Выйдя на улицу, ощутил, что воротничок рубашки мокрый от пота и прилип к шее. Он расстегнул две верхние пуговицы, однако на скамейку возле песочницы так и не сел — слишком много окон уставилось на него. Засунув руки в карманы, в распахнутом пиджаке, изображая независимого мужчину, Юстас миновал двор, вышел на улицу и стал прогуливаться по тротуару.
Было уже за полдень, но солнце жарило с яростью. Придорожная пыль и собачья ромашка, растущая возле самого асфальта, пахли пакляной веревкой. Неожиданно возникла мысль, что эта поездка к Нине первая и последняя, что ехал сюда проститься с нею на все времена. Такое прощание необходимо, иначе как будто оставалось между ними что-то незавершенное, страх перед самим собой. Юстаса охватила печаль и больше уже не приводила в замешательство та светловолосая женщина с живыми глазами — конечно же Нинина мать! — он даже слегка наслаждался болью, возникшей от понимания утраты, и время бежало быстро, ничуть его не изнуряя. Он уже не ломал головы над тем, что и как скажет Нине при встрече, чувствовал, что нужные слова придут сами.
Наконец вдалеке, в конце улицы, он заметил спешащую девочку и, хотя еще не мог рассмотреть лица, по желтоватым волосам и походке определил, что это Нина. Юстас неторопливо двинулся в ее сторону, и, когда оставалось каких-нибудь десять шагов, оба остановились как вкопанные. По лицу Нины пробежали удивление, смятение, радость, наконец она приблизилась, протянула руку.

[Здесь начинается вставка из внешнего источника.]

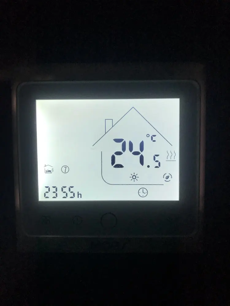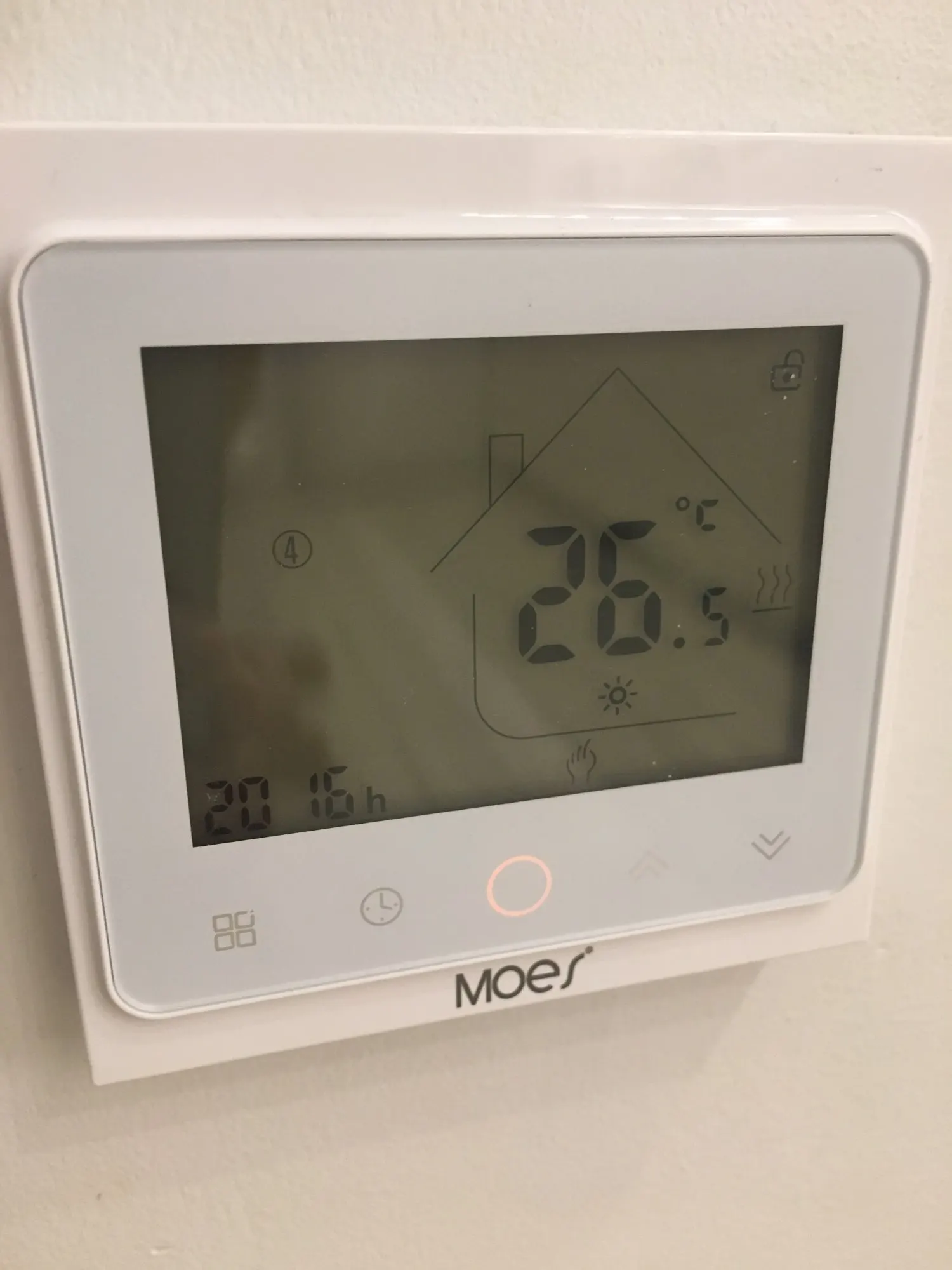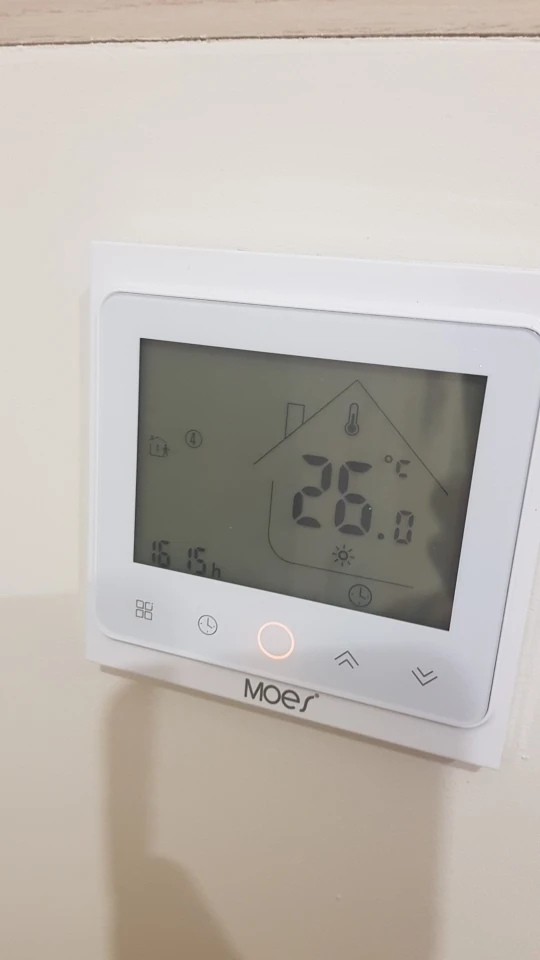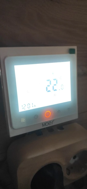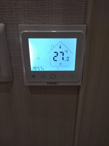 Всё работает, всё регулируется, пришёл с термостатом в комплекте. К Алисе подключился и подружился, только температура регулируется через Алису скачками через 5 градусов, (20-25-30...) хотя через саму панель по 0,5 градуса. При взгляде сбоку сильно тускнеет картинка, чтобы чётко читалось, надо перпендикулярно смотреть.
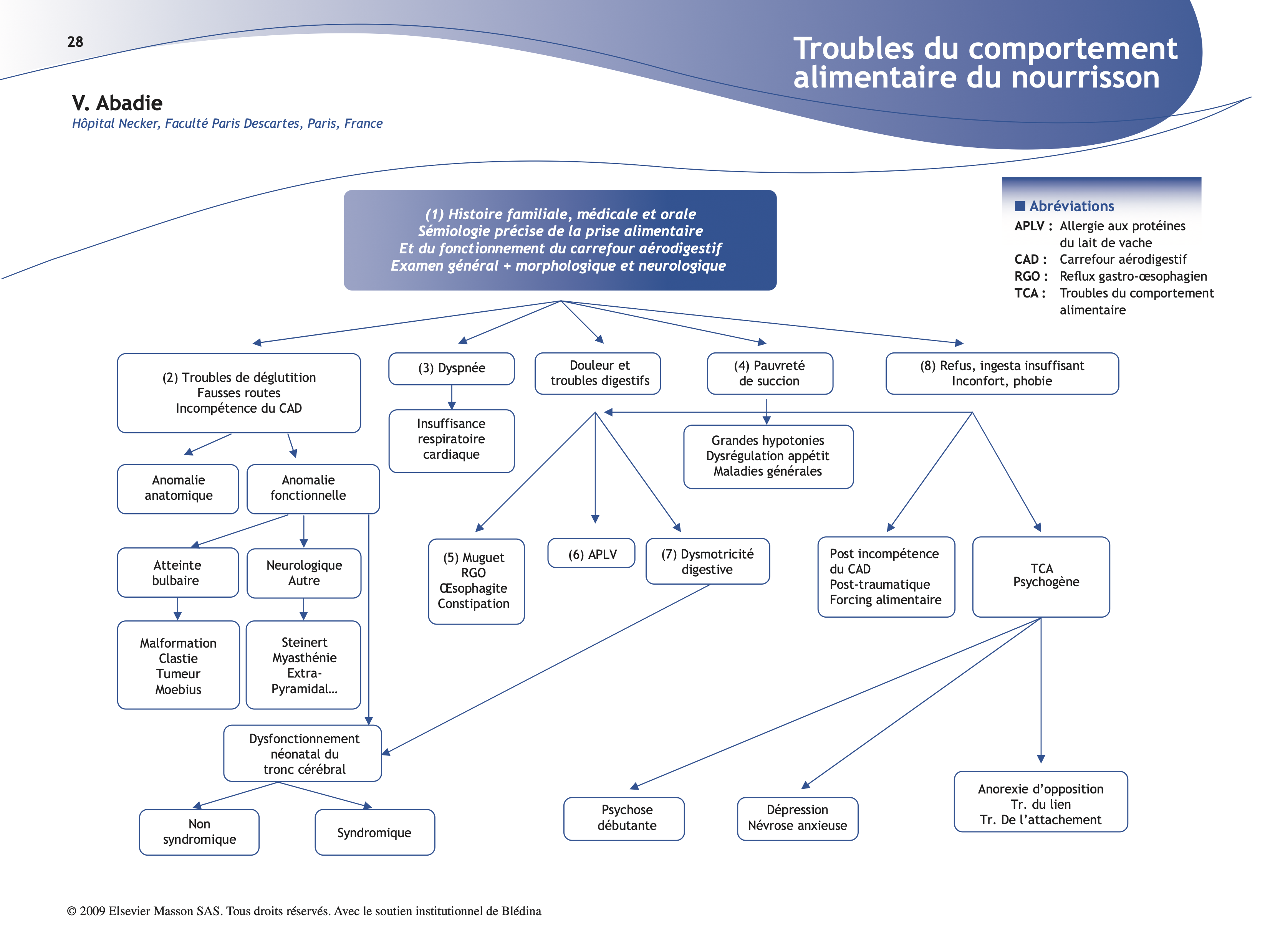 (2) La première question à se poser devant un TCA est de savoir s’il existe ou non une incompétence du carrefour aérodigestif. Si la clinique est en faveur (fausses routes, stridor, bruit pharyngolaryngé, pneumopathie), il faut demander une fibroscopie complète pour différencier les anomalies anatomiques (kystes, angiomes, diastème, fistule) des anomalies fonctionnelles du carrefour aérodigestif (CAD). En cas d’anomalies fonctionnelles, l’examen neurologique de toutes les paires crâniennes et de toutes les fonctions sensorimotrices et neuromusculaires, associé à la réalisation d’une manométrie de l’œsophage, va permettre de différencier trois cas de figure. Dans le premier, clinique et laryngoscopie sont en faveur d’une incompétence du CAD isolée ou tableau de dysfonctionnement néonatal du tronc cérébral (DNTC) sans autre anomalie à l’examen neurologique. La présence ou non d’éléments dysmorphiques et/ou malformatifs orientent alors vers un DNTC isolé ou vers un DNTC syndromique. Dans ce dernier cas, la présence ou non d’une fente palatine postérieure oriente vers le champ des séquences de Pierre Robin (isolée, syndromiques ou associées) ou vers celui des DNTC (syndromique : Del 22 q11, CHARGE, Kabuki …. ou associé). S’il existe une anomalie des nerfs crâniens ou des signes d’atteinte de la fosse postérieure, une IRM cérébrale s’impose pour éliminer les anomalies malformatives, acquises ou clastiques de la fosse postérieure. Si cette dysfonction du carrefour aérodigestif s’accompagne de signes neuromusculaires (hypotonie, fatigabilité, syndrome extrapyramidal…), il faut évoquer des anomalies neurologiques ou neuromusculaires congénitales qui se révèlent par des symptômes trompeurs (myotonie de Steinert, myasténie congénitale, atteinte des noyaux gris centraux d’origine métabolique …) et demander les examens spécifiques (EMG, biologie moléculaire).
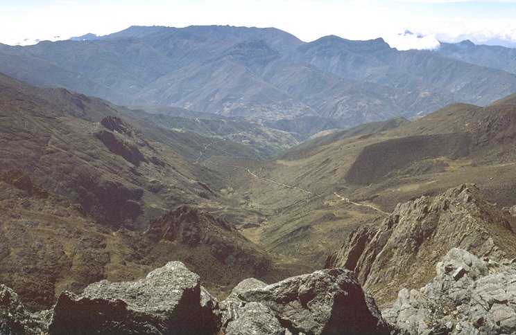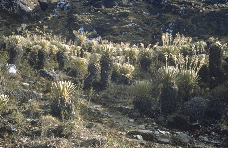 Hinweise: Klima: Merida liegt 1700 Meter hoch in einem von NE nach SW verlaufenden Tal. Tagsüber ist es in 4500 Meter Höhe warm genug, um Wandern und Sonnenbaden zu parallelisieren und nachts im Tal kühl genug, um erholsam zu schlafen. Durch die westliche Lage wird es außerdem eine Stunde später hell und dunkel als bei den Tafelbergen. Das stört morgens kaum, aber verlängert die Tage um eine Stunde. Nachmittags regnet es häufig im ab 16 Uhr im Bergschatten liegenden Tal, während auf den Bergen das schönste Wetter herrscht. Abends braucht man auch in der Stadt leichte Winterkleidung, Nachtfrost gibt es gelegentlich, Temperaturen unter 10 Grad täglich. In den Bergen gilt wie bei uns auch ein Temperaturabfall von ca. 2 Grad je 300 Metern. Unterkunft beim Wandern: Der Reiseführer gestattet, vorsichtig ausgdrückt, einen erheblichen Interpretationsspielraum. Hier sollte statt "Man übernachtet bei den Seilbahnstationen" besser "Man zeltet bei den Seilbahnstationen" stehen. Die in den alten Wanderkarten vorhandenen Hütten bei den Stationen "Loma Redonde" und "Pico Espejo" gibt es nicht mehr. Allerdings gibt es bei den Stationen "Aguada" und "Montana" kleine Dörfer, in denen sehr wahrscheinlich eine Posada sein wird. Los Nevados: Mittlerweile ist Strom, Gas und eine Lkw- taugliche Straße auch bis hierher vorgedrungen. Man lebt nicht mehr wie im Reiseführer beschrieben mit den Tageszeiten. Auch kann man mittlerweile warm duschen, d.h. man muss nicht mittags zurück sein. Verkehr: Der Kleinbus fährt alle 20 Minuten bis auf einen Pass in 4200 Meer Höhe, die letzen 4 km allerdings nur als Taxi zu Taxi- Preisen. Im Gegensatz zur Auskunft am Teminal fährt der Bus nachSan Christobal und das Por Puesto nach Los Appartaderos nicht durch die Stadt, es hält auch nicht zwischen Terminal und Tabay. Am besten fährt man mit dem Por Puesto nach Tabay und von dort weiter, das geht i.d.R. schneller als die Fahrt über das Terminal. Seilbahn: Diese

— Ну, ты и молодец,— сказала она и покачала головой, словно все еще не веря, что это Юстас.— Не думала, что...
Юстас упивался Нининым голосом; утратив ребячью звонкость, которая врезалась в память, он стал более глубоким, с незнакомыми бархатистыми переливами. Сказав все это, Нина рассмеялась, и Юстас стыдливо
отвел взгляд от трепещущей под цветастым платьем, не по возрасту высокой груди. В глубине души он радовался, что Нинино лицо сохранило ту же бросающуюся в глаза ясность, что ее черты такие же нежные, чутко реагирующие на каждую перемену в настроении, и все же ее красота Юстаса страшила и ранила. Он так и сказал:
— Какая ты красивая, Нина, даже страшно на тебя смотреть.
Она зарделась, поправила плечики у платья.
— А ты был красивей. Когда прекратишь тянуться?
Юстас виновато развел руками, спросил:
— Ты рада, что приехал?
— Еще не знаю,— откровенно призналась Нина.
— Я три года ждал этого дня. Почему ты не писала?
— Не получалось. Ты писал мне такие умные, красивые письма, а я писала и рвала, потому что казалась себе последней дурой.
— Надо было посылать такие, какие получались,— вздохнул Юстас.— Это лучше, чем ничего.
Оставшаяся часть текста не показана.